Secondly, on the porous catalyst scale, in order to study the synergistic effect of chemical reaction and heat and mass transfer in porous media, a microscale simulation on porous catalyst particles is carried out. The simulation focuses on the influence of species diffusion on species distribution, temperature field, reaction rate, acetone conversion and isopropanol selectivity. The simulation results show that the micropore diameter is the determinant of diffusion coefficient, and there is a very thin transient zone around the catalyst particle, and both the species diffusion coefficient and the reaction rate gradients in this zone are very sharp. The reactions are taking place inside the catalyst particles, so the temperature is a little higher than the external flow. When the catalyst particle diameter increases, the acetone conversion and the isopropanol selectivity and yield increase.
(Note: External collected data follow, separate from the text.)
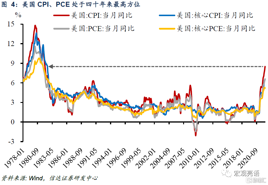 美國通脹正處於過去四十年來的最高方位。從CPI看,美國3月份CPI同比錄得8.5%,上一次美國CPI達到這麼高的位置還要回溯到1981年。從核心CPI看,美國3月核心CPI同比6.5%,同樣創下四十年來的新高。即便看美聯儲重點關注的PCE和核心PCE數據,結論也並無差別,美國3月份PCE同比爲6.6%,也創下四十年來的新高,核心PCE同比爲5.2%,僅次於2月份的5.3%。四十年前,面對石油危機之後美國經濟出現的高通脹現象,美聯儲主席沃爾克選擇了鐵腕治理,並以此最終彪炳史冊。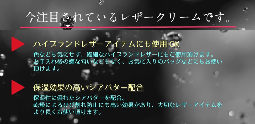 保湿性に優れたシアバターを配合しており、皮革の潤いを長く持続できる製品です。
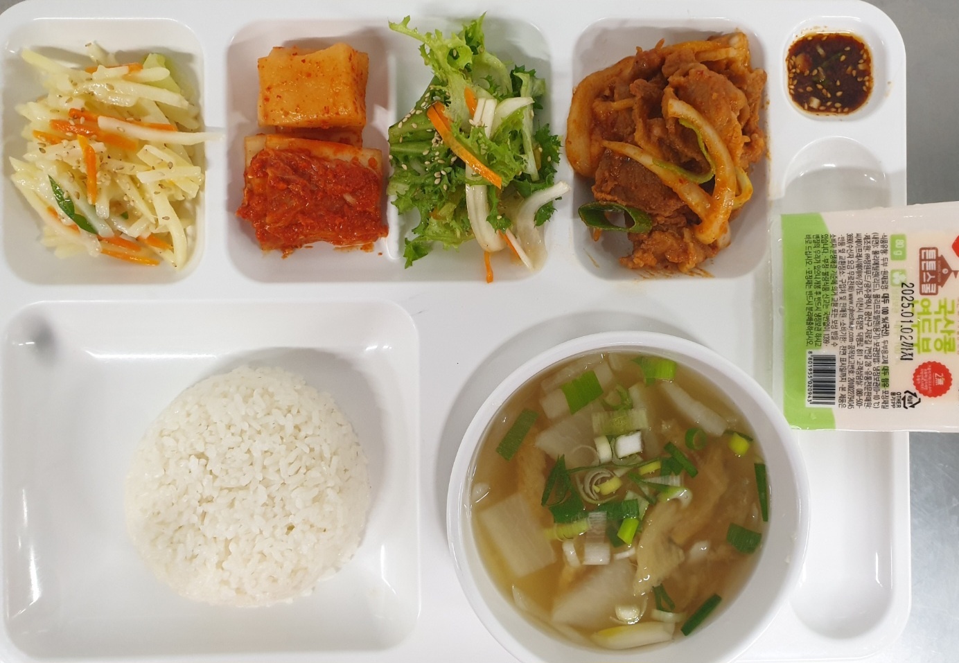 쌀 – 국내산 (현미, 찹쌀포함)/ 김치 – 배추김치 :국내산,고추가루:국내산 / 쇠고기 -국내산 ,닭고기 – 국내산 (훈제포함)/ 오리 – 국내산 (훈제포함)/ 돼지고기 – 국내산(등뼈,갈비,전지,후지,사태) 수산 – 삼치,고등어,굴비 (국내산)/오징어(국산,원양산)/ 명태,코다리(러시아산)/ 꽁치 (원양산)/낙지 (베트남산,중국산)/ 꽃게 (국내산) 날치알 (수입산), 새우살(수입산)/ 진미채 (페루산), 쥐채(원양산)/ 갈치(세네갈,모로코산)/ 가자미(수입산) 참치캔(원양산)/ 가쓰오브시(인도네시아산) 콩 – 팩두부 (수입산)/ 연두부 (국내산)/ 순두부 (국내산) *시장 수급에 따라 메뉴는 변동될수 있습니다. |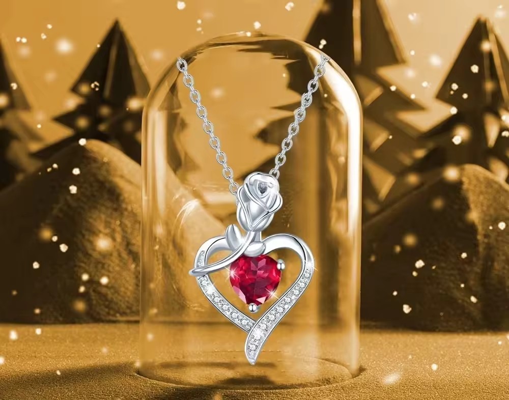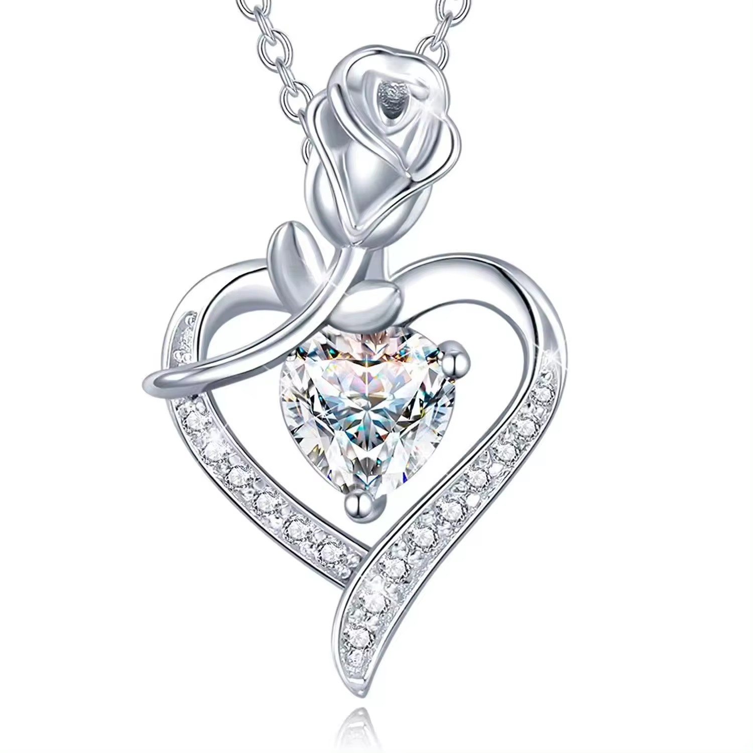S925 sterling silver Heart Rose Diamond NecklaceMaterial: S925 sterling Silver + Diamond + ZironColor: Platinum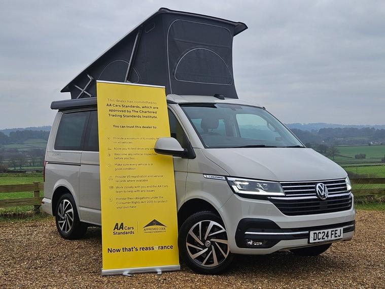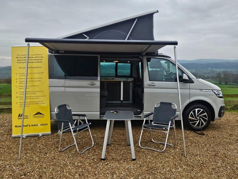 ** CLICK PLAY WATCH THE WALK ROUND VIDEO. FULL VOLKSWAGEN SERVICE LAST 24.06.2025 + SERVICE PLAN TIL 04.07.2034+ 12 MONTHS AA BREAKDOWN COVER + EXTENDED WARRANTY TIL 07.072029 + EXPERIAN HPI CHECKED + FULLY DETAILED INSIDE AND OUT. REYLANDS ARE PLEASED TO OFFER FOR SALE THIS GREAT VW CALIFORNIA automatic DSG WITH 4 BERTHS. IT HAS A ELECTRIC POP ROOF, RARE SHOWER, STUNNING ASCOT GREY PAINTWORK, DOUBLE BED AND ROCK AND ROLL BED DOWNSTAIRS with comfort mattress. You will also find being a VW California IT HAS A GREAT CONTROL MANAGMENT SYSTEM. This works the electric roof, fridge, diesel heater and settings. Standard it has hot air and a/c cold blow to the rear, lovely under counter lighting and factory front blinds as well as rear, leisure battery, gas and electric hock up. All four seats have 3-point seat belts, and the front seats are swivelling captain chairs to make a great dining area when sited. These also are heated along with a/c, electric heated mirrors, front and rear parking sensors and reverse camera, phone mirror and blue tooth for the open road and both keys. when you are camping the California has all the mod cons VW fitted blinds, sliding rear windows, factory window tints to keep the camper cool, a fridge, gas stove and sliding table along with lots a clever storage and lighting up and down stairs. you have a clean water tank and a dirty water store with drain and electric hook up for when of site. This genuine VW camper has it all lastly a great VW awning with on board outside dining chairs with a great table which neatly stores away in this camper. Be quick so's not to be disappointed., Reyland's view by appointment please call 01460362719 to book a test drive. address for sat nav reyland car sales, Seavington, ta190qb, , Anti-theft Alarm System and Immobiliser. ***REYLAND'S OPERATE VIEWING BY APPOINTMENT ONLY*** Call Us on (01460362719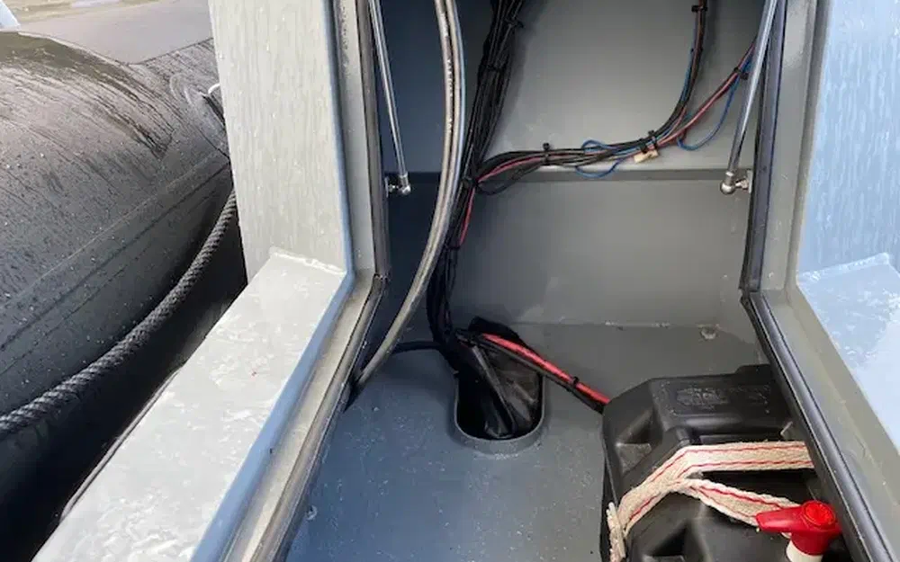 pompe de cale, direction hydraulique, réservoir 50l, combiné gps sondeur Hélix 9 sonde tableau arrière
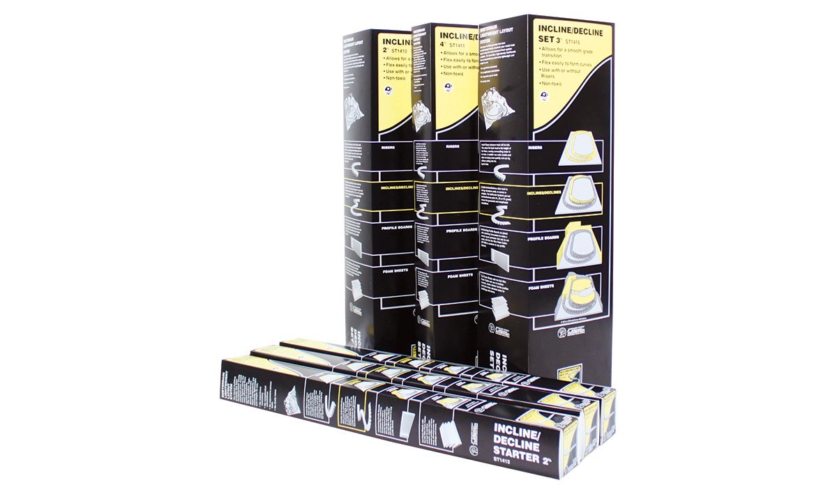 Incline/Decline Sets are the ideal way to alter the elevation of your track quickly and easily. Each set includes the high-density foam pieces necessary to raise or lower the elevation of your track. Incline/Decline Sets come in either 2%, 3% or 4% grades.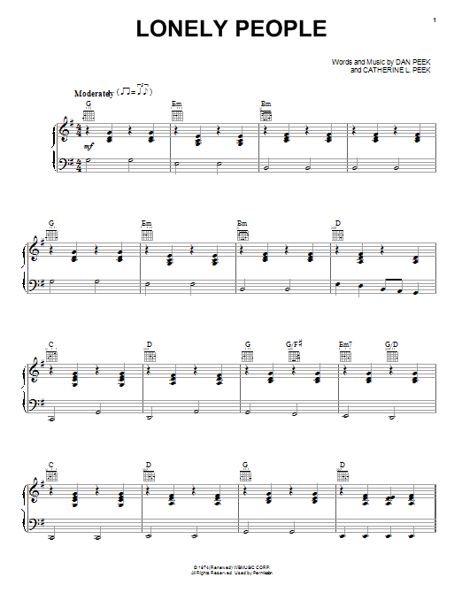 Download or print America Lonely People sheet music, chords and digital score arranged for Baritone Ukulele. This Pop score includes 2 page(s).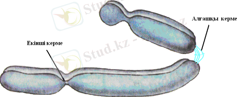 3. Жасушаның орталығы және әр түрлі маңызды органоидтар синтезделіп, олар бөліну әрекетіне қатысады. Осындай дайьшдыктар аяқталысымен жасуша боліне бастайды.
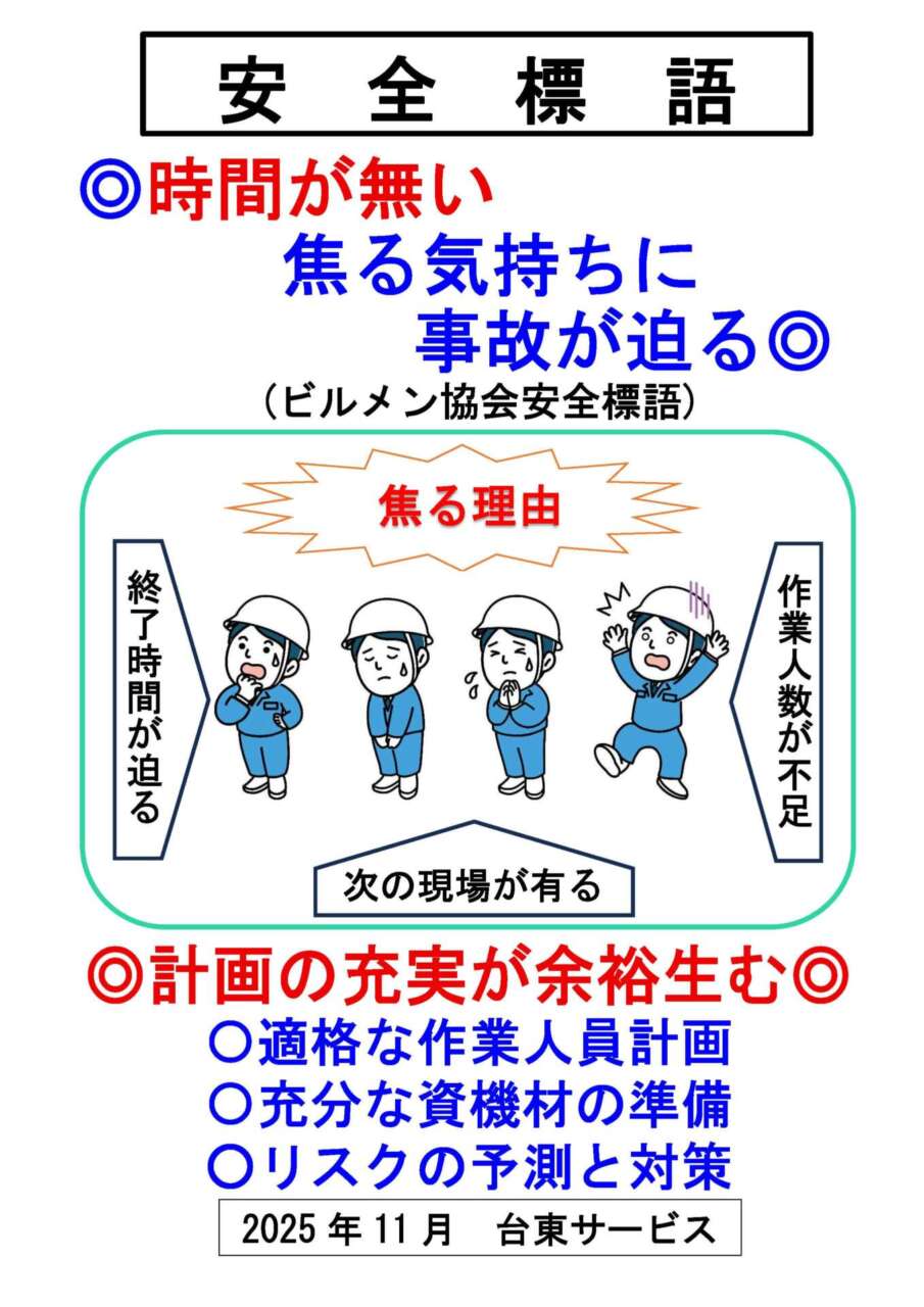 『安全標語』2025年11月 2025年10月29日 最終更新日時 : 2025年10月29日 taitosvc 時間が無い!焦る気持ちに事故迫る 計画の充実が余裕生む!! 適格な作業員計画 充分な資機材準備、リスクの予測と対策を!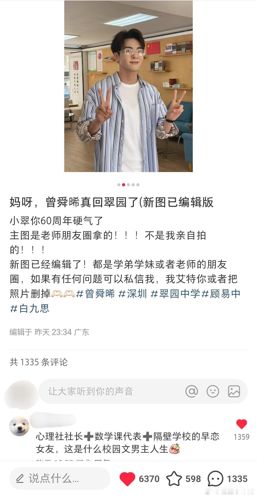 高中时期的曾威航已经是有名的校草了“当年的课代表,如今的大明星”“中午会站在漂流图书馆写作业,每周一主持是他,声音很好听,他是文科生,考试全年级前几”...会记一辈子吧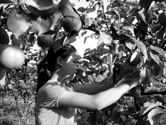 8月14日,泸溪县达岚镇岩层口小学6年级学生陈芳芳在自家梨园帮父母采摘梨。暑假期间,达岚镇镇村寨放假在家的中、小学生放弃玩乐,主动帮家人洗衣、煮饭、放牛和在田地里搞一些力所能及的劳动,既丰富了假期生活,又体会到了劳动的艰辛和快乐。 吴代清 摄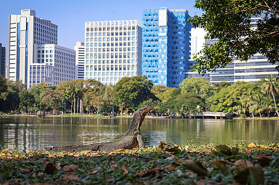 Za jakési epicentrum, místo, kde jsou nejčastěji k vidění, se počítá park Lumphini. Tady se, ve stínu stromů a mrakodrapů, dá narazit na desítky, možná stovky varanů. Některé exempláře jsou skutečně „ještěrkami“, jiné dorůstají velikosti vykrmených leguánů. A ti největší si hoví v jezerech nebo se vyhřívají na kamenech ostrůvků.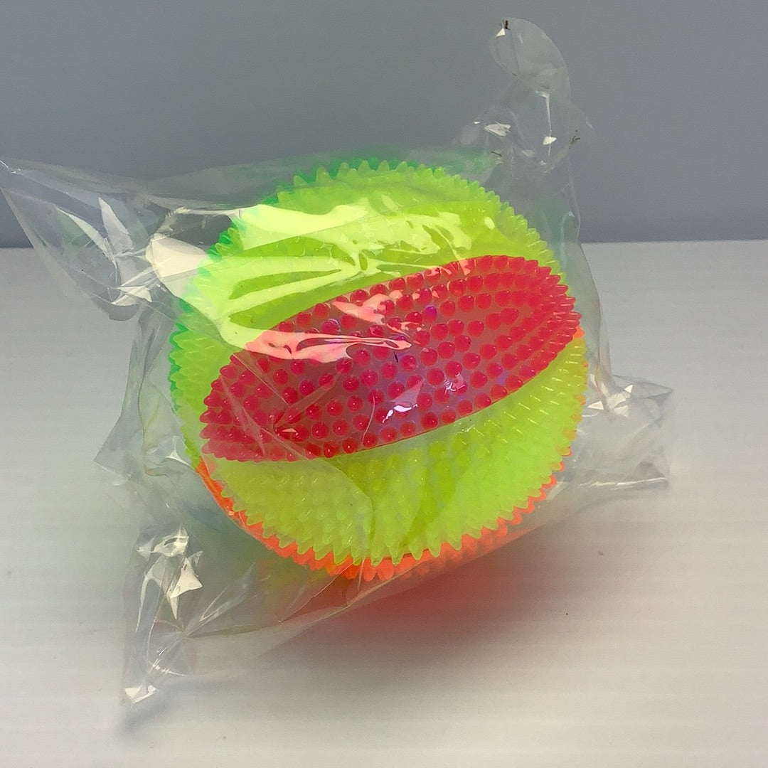 Item# 84116 Light Up Squeaky Beach Ball by BVP is a ball that lights up when it bounces and it makes a sqeaking noise. Assorted colors. A great squeaky light up fun!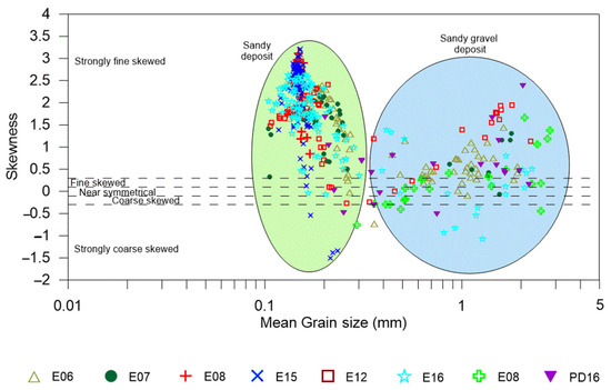 Relationship between mean grain size and skewness of the analyzed vertical soil samples. Sand deposit (green); sandy gravel deposit (blue).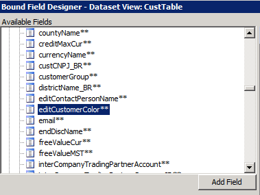 - From the Bound Field Designer – Dataset View: CustTable window locate “editCustomerColor**” within the Available Fields frame.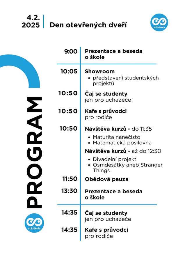 Na programu bude kromě prezentace školy a besedy se studenty nebo s rodiči také možnost navštívit kurzy vedené průvodci a jedinečná příležitost vidět představení studentských projektů v rámci tzv. showroomu. Prosím respektujte začátky jednotlivých bloků. Prezentace začíná tentokrát již 9 hod.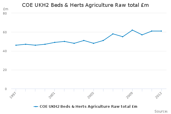Download this time seriesCOE UKH2 Beds & Herts Agriculture Raw total £m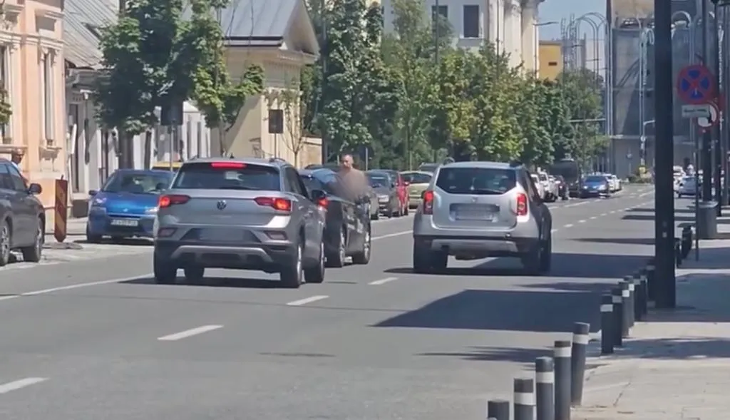 Un bărbat cu un comportament suspect a sărit în mijlocul străzii Avram Iancu -VIDEO

When the micropore diameter increases, the the acetone conversion and isopropanol selectivity decrease, and the isopropanol yield increases firstly and then decreases. According to the simulation results, the recommended values of catalyst particle and micropore are suggested in this dissertation.
Then on the reactor scale the transfer and reaction performance of reactor is simulated to study the influence of catalyst particle diameter, catalyst thermal conductivity, reactor diameter and space velocity on the gas-solid temperature difference and the reaction by using the non-heat-balance porous media model. According to the simulation results, the gas-solid temperature difference is too little to affect the reaction. A larger catalyst thermal conductivity can enhance the heat transfer capability of the reactor remarkably and reduce its temperature obviously, and a larger reactor diameter will increase the reactor temperature. A larger space velocity will decrease both the acetone conversion and isopropanol selectivity, but can increase the isopropanol yield, so a larger space velocity is beneficial to the system efficiency. Based on the simulation, the best reaction temperature and hydrogen-acetone mole ratio are optimized via theoretical design calculation by analyzing their influences on reaction energy quality, reaction heat amount, acetone conversion and pressure drop. In order to solve the problems of large pressure loss and low heat transfer capability in randomly packed bed reactor, this thesis proposes a structured packed bed reactor and makes3D simulation on the reactor, and the simulation results indicate that this structured packed method can reduce the pressure loss effectively and has a better heat transfer capability.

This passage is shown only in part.